Das Einsatzgebiet ist bei mir: Touren, Trails und ab und an mal in den Bikepark, obwohl ich da keine großen Drops springen oder fiese Downhillpassagen runterbrettern werde (vorerst jedenfalls nicht).

Hat evtl. jemand Erfahrung mit den beiden Helmen? Momentan bekommt man den Uvex für ca. 190 € und den Bell für 205 €, ist also kein riesen Unterschied im Preis. Bei dem Uvex sieht das montieren des Kinnschutzes etwas frickelig aus, oder täuscht das? Hat der Uvex auch eine GoPro Halterung dabei?
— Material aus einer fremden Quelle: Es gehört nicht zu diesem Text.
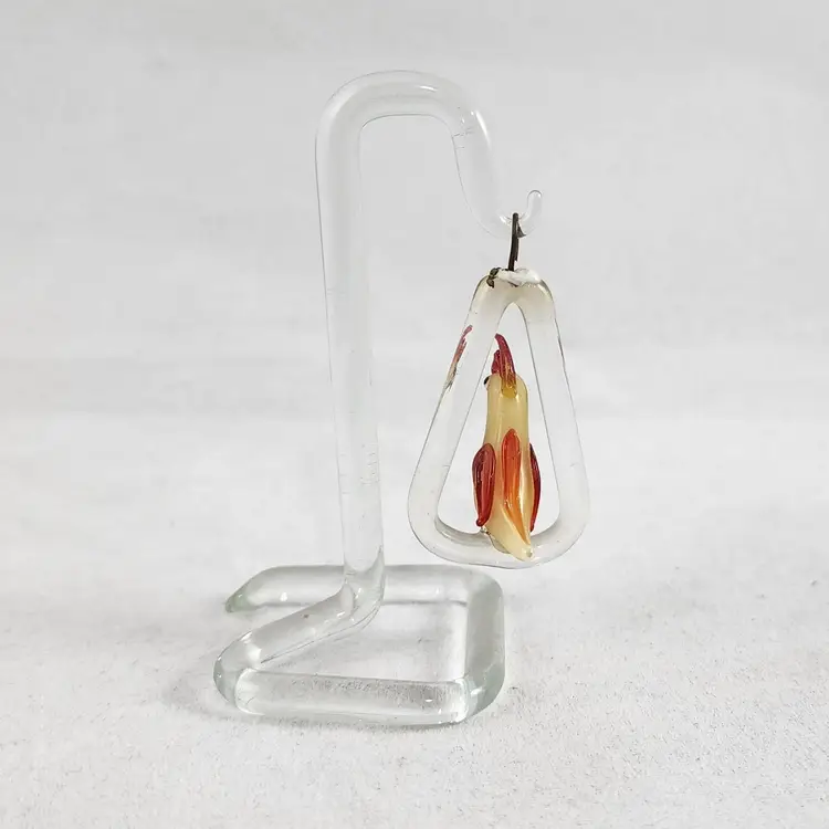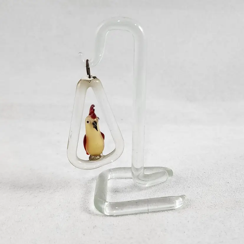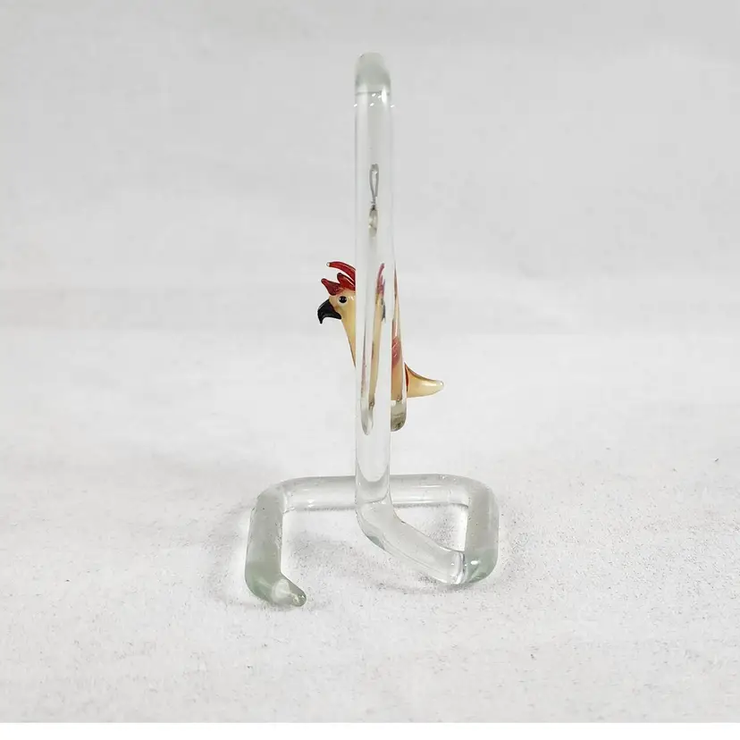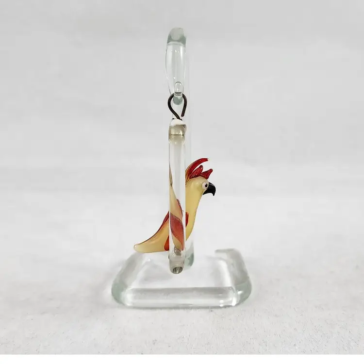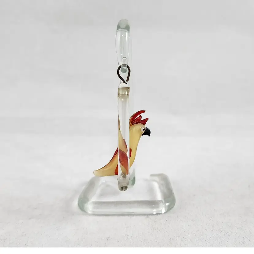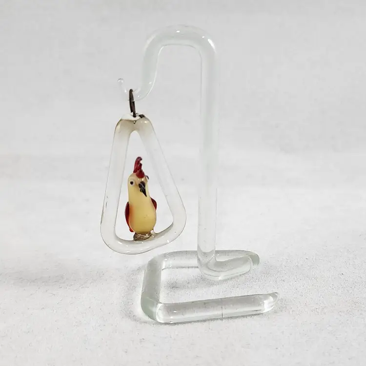 Very unique lampwork art glass bird figurine, which resembles a cockatoo or parrot swinging on a perch. Bird is made of a cream-colored glass with red-orange coloring. Perch is made of clear glass.
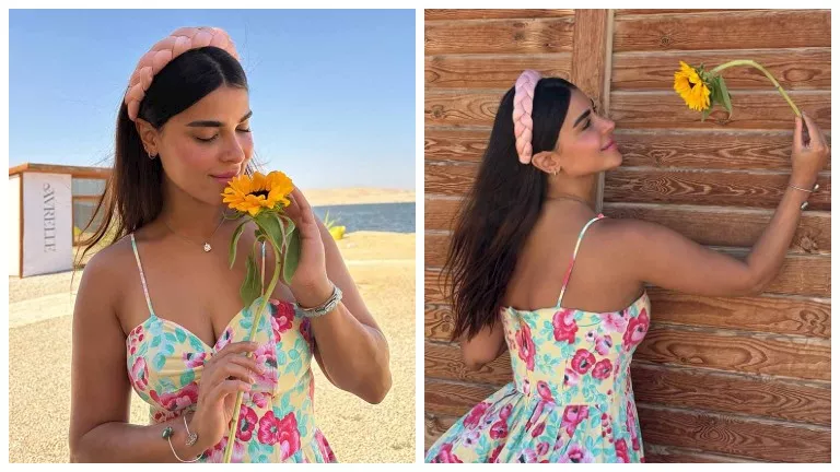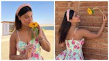 وظهرت نورهان منصور بإطلالة صيفية أنيقة، وهي تحمل وردة على شاطئ البحر
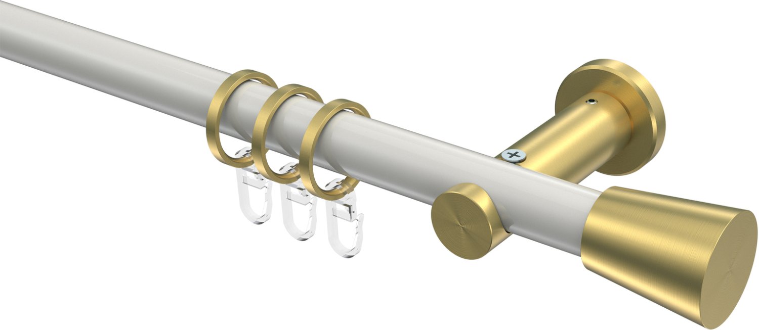 Gardinenstangen aus Metall in 20 mm Ø, 1-läufig, Modell PLATON - Sitra Weiß / Messing-Optik
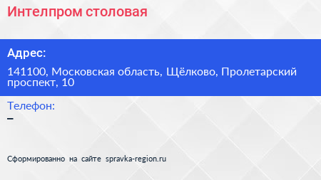 Интелпром, столовая по адресу 141100, Московская область, Щёлково, Пролетарский проспект, 10 в дальнейшем Организация, размещена в следующих категориях:
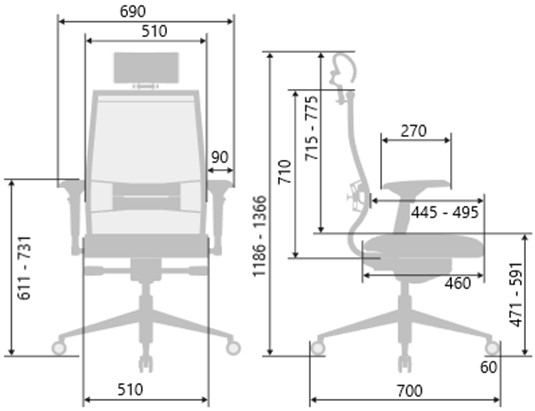 Регулируемая 3D поясничная поддержка (РПП): каркас стальной пластинчатый с полимерным покрытием черного цвета и хромированным молдингом. Подвижная часть РПП стальная хромированная, ремни из искусственной кожи Extra. Регулировка по глубине, высоте и жесткости.
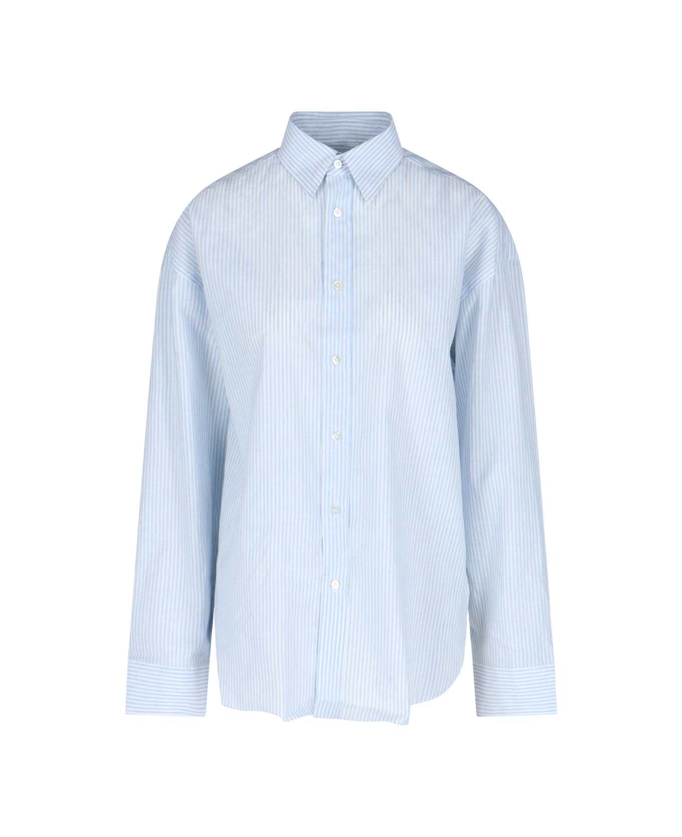Finamore 1925 Oriana striped shirt in light blue cotton and linen with striped pattern, classic collar, button closure, button cuffs, curved hem. Composition: 54% Cotton, 32% Linen, 14% Silk

Der Kinnschutz des Bell sieht recht groß aus, bekommt man den noch gut in einem Rucksack verstaut?

Fragen über Fragen...... Optisch würde ich zum Uvex tendieren, aber dieses MIPS System im Bell find ich einfach super und mir ist mein Köpfchen schon wichtig.


----------



## phillo76 (12. Oktober 2017)

Kennt keiner diese Helme und kann mir dazu etwas sagen?


----------



## MTB-News.de




----------



## Florent29 (12. Oktober 2017)

https://www.mtb-news.de/forum/t/fullface-mit-abnehmbaren-kinnbuegel.850043/
https://www.mtb-news.de/forum/t/infos-zum-bell-super-3r.817092/


----------



## Schlaefisch (12. Oktober 2017)

Hab auch zwischen den Beiden geschwankt und dann den Bell gekauft. Bin soweit zufrieden. Er passt, Bügel abmachen hakt manchmal ein wenig, ist aber nicht weiter Schlimm. Ob er dir auch passt und was er im Ernstfall bringt, weiß ich natürlich nicht.
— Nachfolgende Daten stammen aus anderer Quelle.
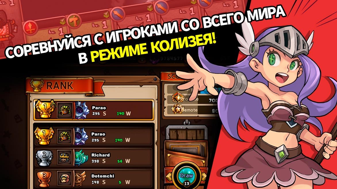 Приглашайте друзей в Бойцы «Бумбам» - Puzzle RPG и тогда сможете вместе играть через многопользовательский режим и сражаться в огромных Колизеях. Устройте настоящие соревнования против случайных игроков и попробуйте завладеть главными наградами. Придумайте максимально эффективную стратегию, которая поможет побороться с легендарными героями, и соберите лучшую колоду. Противники будут в шоке от твоего могущества. Уничтожайте своих врагов, которых собралось более сотни и все они находятся в разных локациях. Сделайте все возможное, чтобы победить в этой невероятно мощной войне.
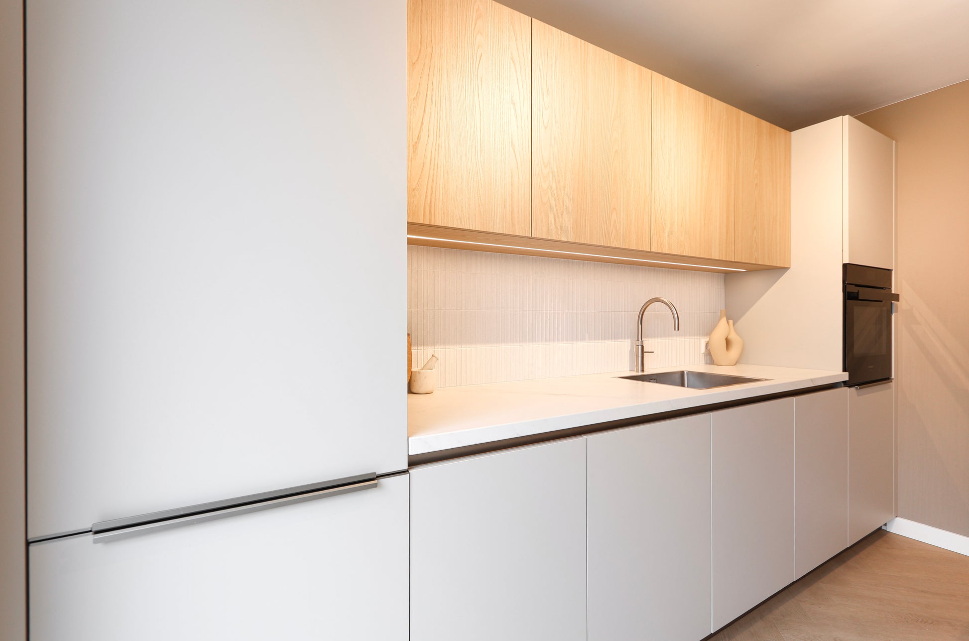 In dit project creëerde MORSS Kitchen & Interior een lichte, moderne keuken waarin rust, functionaliteit en stijl samenkomen. De combinatie van matte fronten in een zachte tint en warme eiken bovenkasten zorgt voor een serene en natuurlijke uitstraling. Het geheel voelt luchtig en ruimtelijk aan, mede dankzij het rustige lijnenspel en de greeploze afwerking.
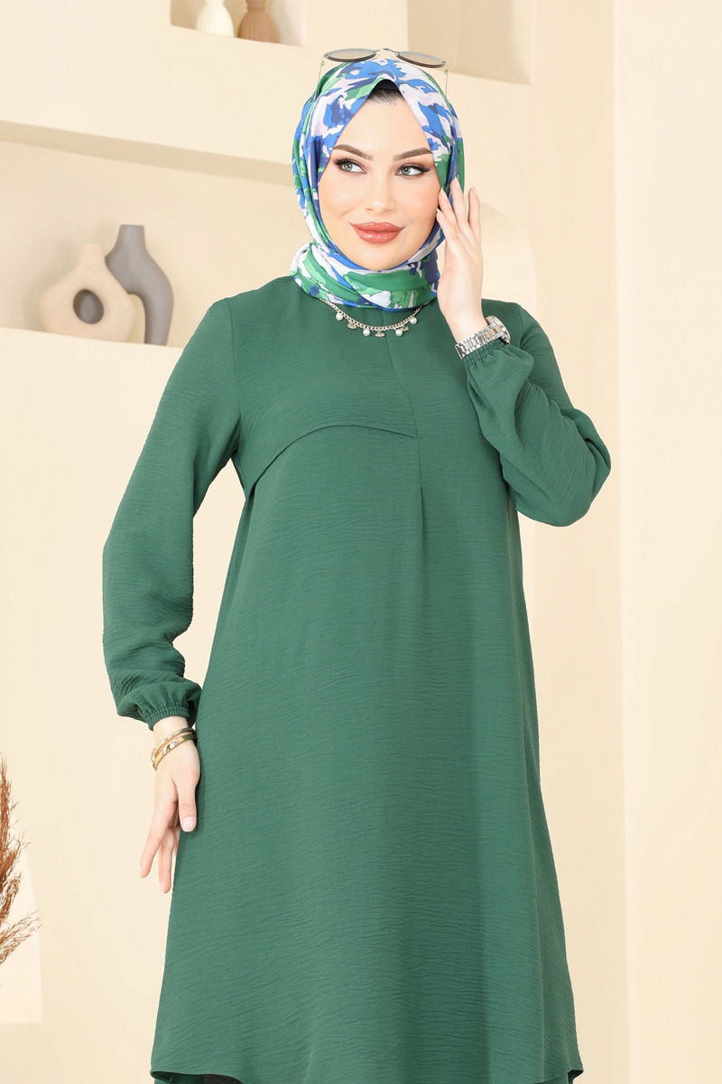 The Elastic Cuffed Aerobin Set, with its model, brings a modern twist to modest fashion. Suitable for all seasons, this product offers delicate wash at 30 degrees. The lightweight and breathable Aerobin fabric ensures comfort throughout the day. Its bicycling neck and slit on the side of the tunic complete your elegance with a button detail that can be used from the back. The elastic waistband on the pants and the elastic cuffs on both the tunic and pants provide flexibility and ease of use. The product displayed on the model is size 38.
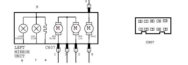 Kurník, ta zrcátka mají sice 9 drátků, ale jen 7 pinů na konektoru je obsazených a podle toho schéma výše jich má být obsazených 9. Copak to má c-max jinak, než focus?
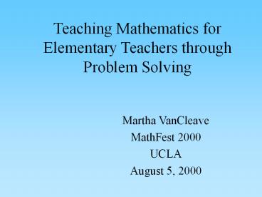 <Notice: Removed> Teaching Mathematics for Elementary Teachers through Problem Solving PowerPoint PPT Presentation
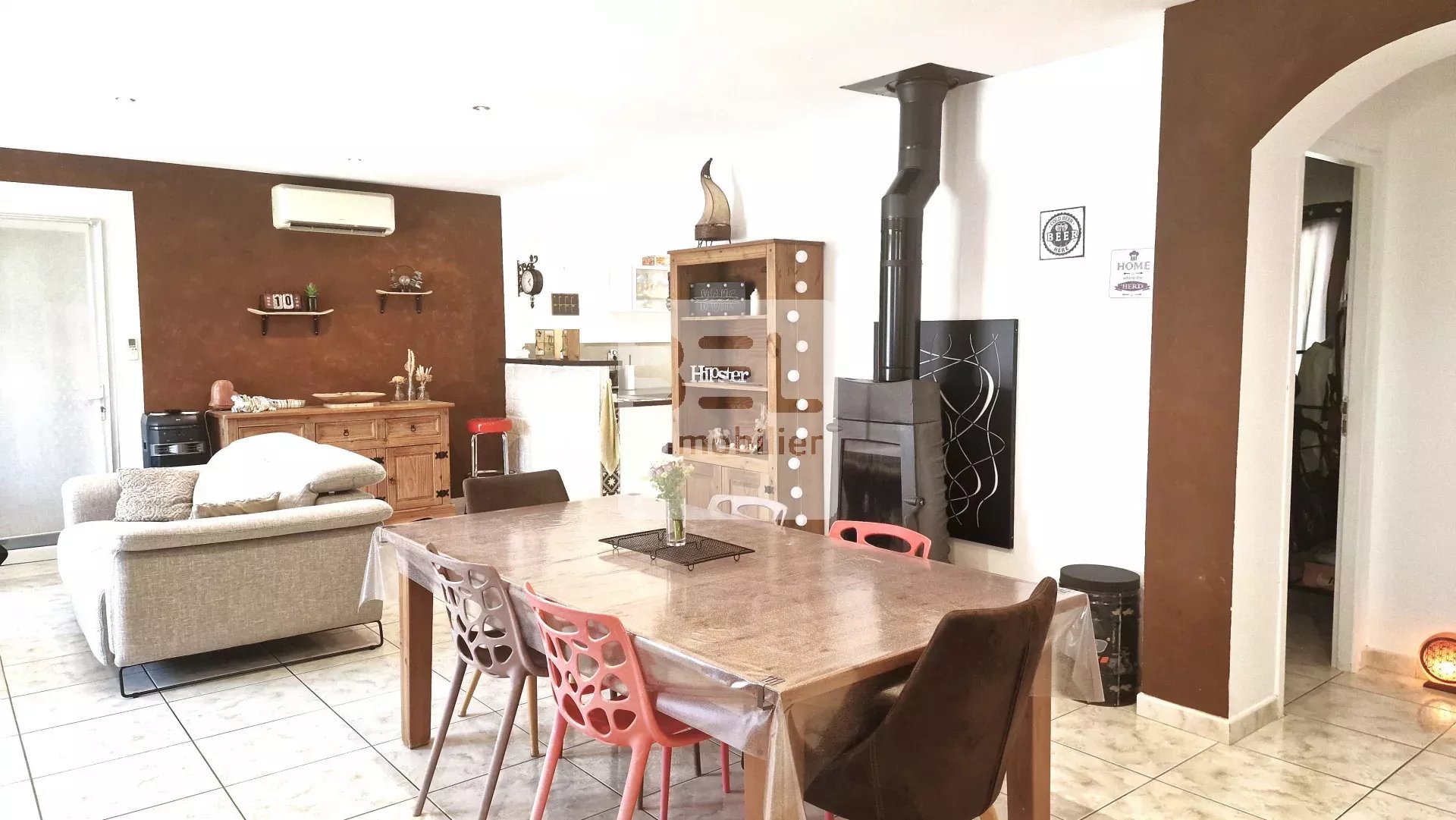 Ref : 3025LB Dans un petit village paisible, à 20min d'Uzes et à quelques kms de Connaux, nous vous proposons cette magnifique villa d'environ 120m2 de plain-pied sur une parcelle de presque 900 m2. Cette maison dispose d'une entrée avec placard, d'Un grand séjour avec cuisine ouverte de plus de 50m2 et sa lumière traversante, de 2 chambres et d'une 1 suite parentale avec salle d'eau indépendante, d'une salle de bain avec baignoire d'angle. Le plus : une buanderie avec Wc et point d'eau, un garage avec mezzanine ainsi que la possibilité de créer un espace chambre supplémentaire de 15m2. La maison possède également bon nombres d'éléments techniques récent permettant un confort optimum comme le chauffage par pompe à chaleur, les panneaux photovoltaïques, le poêle à bois (pour les soirées au coin du feu) Côté extérieur vous trouverez une agréable terrasse couverte d'une pergola en fer forgé avec un grand jardin et abri bois et un espace piscine 9x4 entièrement clôturé avec plage en béton imprimé. De quoi ravir vous journées et soirées d'été. Quartier calme et sans nuisance, sans vis à vis et proche de toutes commodités, cette maison n'attend que vous, pour combler petits et grands.

Den Kinnbügel transportiere ich am Rucksack (Ergon, genaues Modell weiß ich gerade nicht).


----------



## phillo76 (12. Oktober 2017)

Super, danke schonmal für die Antworten. Ich habe mir jetzt den Bell bestellt und bin mal gespannt!


----------



## Florent29 (12. Oktober 2017)

phillo76 schrieb:


> Super, danke schonmal für die Antworten. Ich habe mir jetzt den Bell bestellt und bin mal gespannt!



Versuch nicht draufzufallen, den Kinnbügel zu oft runterzuschmeißen oder einfach nur den Bügel zuzumachen, ohne vorher den helm abzunehmen, sonst passiert das hier:  https://fotos.mtb-news.de/p/2084851?page=3&in=set


----------



## Pattah (29. Juli 2022)

beim BEll Super 3 R ist eine Gopro HAlterung mit dabei. Find ich ganz cool, aber die Mutter zum Schraube reindrehen fehlt. War das bei jedem so?


----------



## Pattah (29. Juli 2022)

Hatte übrigens Jahrelang den Uvex Jekyll HDE. Klasse Helm und Super passform. hab den BEll nun nur, weil der Uvex 5 Jahre alt ist, und durchgenudelt. und der bell gerade im Angebot gewesen ist und das MIPS an Bord hat.


----------



## Boink (30. Juli 2022)

Der Uvex sieht ohne Bügel halt aus wie ein NVA Helm, passt mir aber perfekt. Wollte erst den Bell wegen Optik , aber der saß bei mir in der richtigen Größe viel zu stramm an den Wangen und verstellen is beim uvex auch leichter.


----------